You see, by focusing the message on us and our salvation, we make ourselves the shrines of our own religion. We divorce salvation from its proper context within the great story of God rescuing His creation; instead we make it all about how we can get forgiven for our bad behavior. The end result is that Christians talk about Jesus, without knowing anything about Him.

Am I saying that there is something wrong with preaching about holy living and personal salvation? Of course not. Am I saying that we should focus on trying to make everyone theologians? Don’t be silly. (After all, sometimes when it comes to theology, we must remember Edgar Allan Poe’s dictum from Murders in the Rue Morgue: “What is complex is mistaken (a not unusual error) for what is profound.”)

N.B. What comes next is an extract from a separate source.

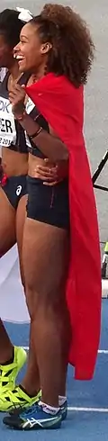 Cynthia Leduc (born 16 February 1997 in Creteil) is a French sprinter.[2] She won a gold medal in the 4 × 200 metres relay at the 2019 World Relays in Yokohama. Later that year, she won a silver medal in the 100 metres at the 2019 European U23 Championships in Gävle.[3]

What I am saying is that the three major focuses of most church sermons today—holy living, personal salvation, and practical self-help—share one trait: they are all about ourselves, and not about God. We focus completely upon the “self” part of our relationship, instead of focusing on God—who is He? what did He do in the past? how does He want us to worship Him? what is His story?

We must put the “selfish” Christianity to death. We must stop the self-centric preaching which equates worship with “practical self-help plus salvation plus holy behavior”. Instead, we must go back, as did Peter and Paul, to preaching the Gospel. And the Gospel is not about us. The Gospel is all about God and His creation—how it went wrong, and how it is being made right.

If a children’s Bible can do it; why can’t we?